### DATA
════════════════════

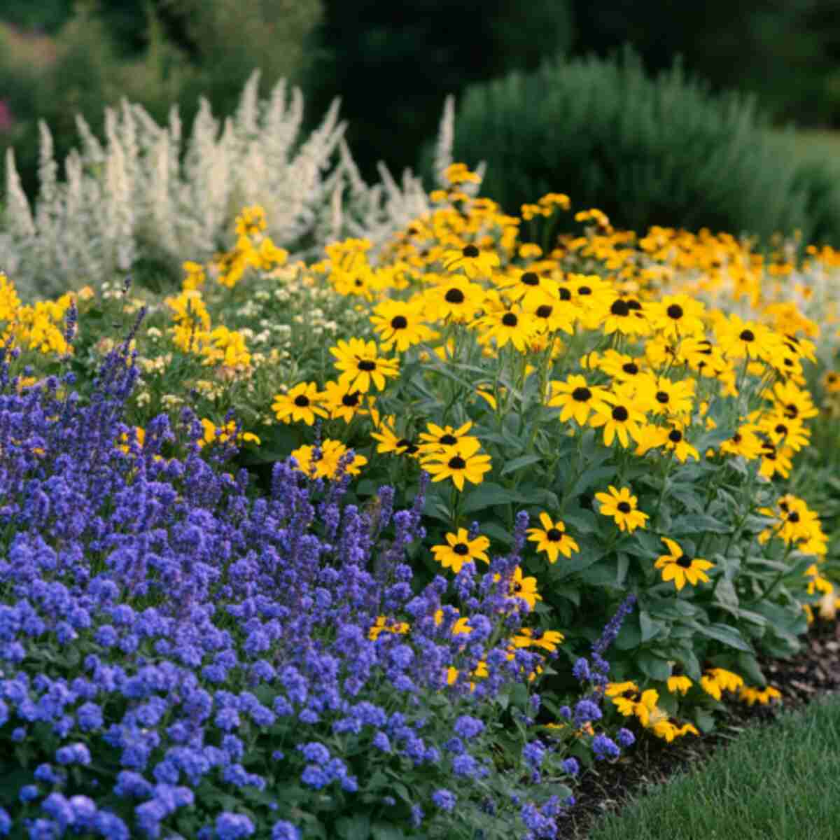 Blue and yellow flowers attract pollinators while creating a vibrant, cheerful garden bed.
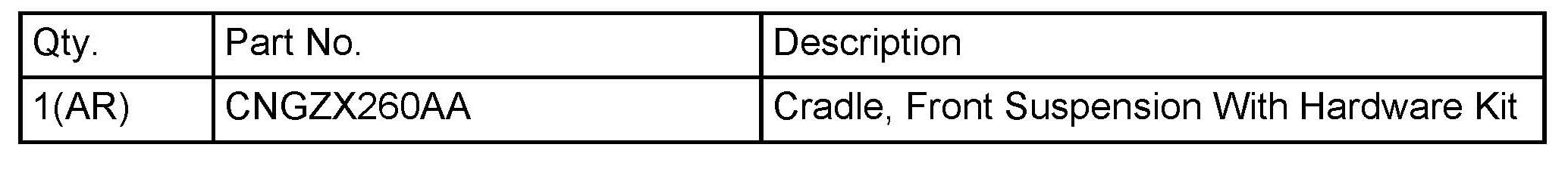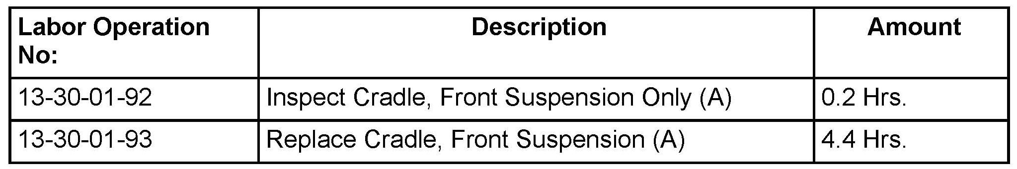 3. Remove and Replace Cradle, Front Suspension. Refer to the detailed removal/installation procedures available in DealerCONNECT > TechCONNECT under: Service Info > 13 - Frames and Bumpers > Frame > Engine Cradle Crossmember> Removal/Installation> Front Crossmember.
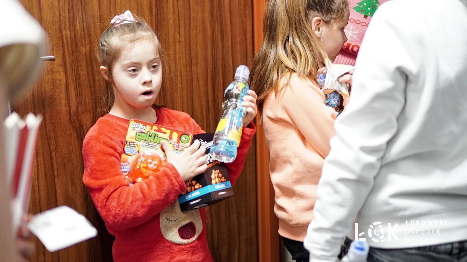 Przychodząc na dzisiejsze seanse w Kinie Łuków, wszystkie dzieci otrzymały wspaniałe upominki. Oczywiście nie nie od nas. Te, zanim święty udał się pod miejską choinkę, zostawił przed naszym kinem. Popatrzcie na te wesołe uśmiechy obdarowanych milusińskich.

════════════════════

### WORK INSTRUCTION
The answer should match the data above word for word, with no pictures in it.

### TASK OUTPUT
 Blue and yellow flowers attract pollinators while creating a vibrant, cheerful garden bed.
 3. Remove and Replace Cradle, Front Suspension. Refer to the detailed removal/installation procedures available in DealerCONNECT > TechCONNECT under: Service Info > 13 - Frames and Bumpers > Frame > Engine Cradle Crossmember> Removal/Installation> Front Crossmember.
 Przychodząc na dzisiejsze seanse w Kinie Łuków, wszystkie dzieci otrzymały wspaniałe upominki. Oczywiście nie nie od nas. Te, zanim święty udał się pod miejską choinkę, zostawił przed naszym kinem. Popatrzcie na te wesołe uśmiechy obdarowanych milusińskich.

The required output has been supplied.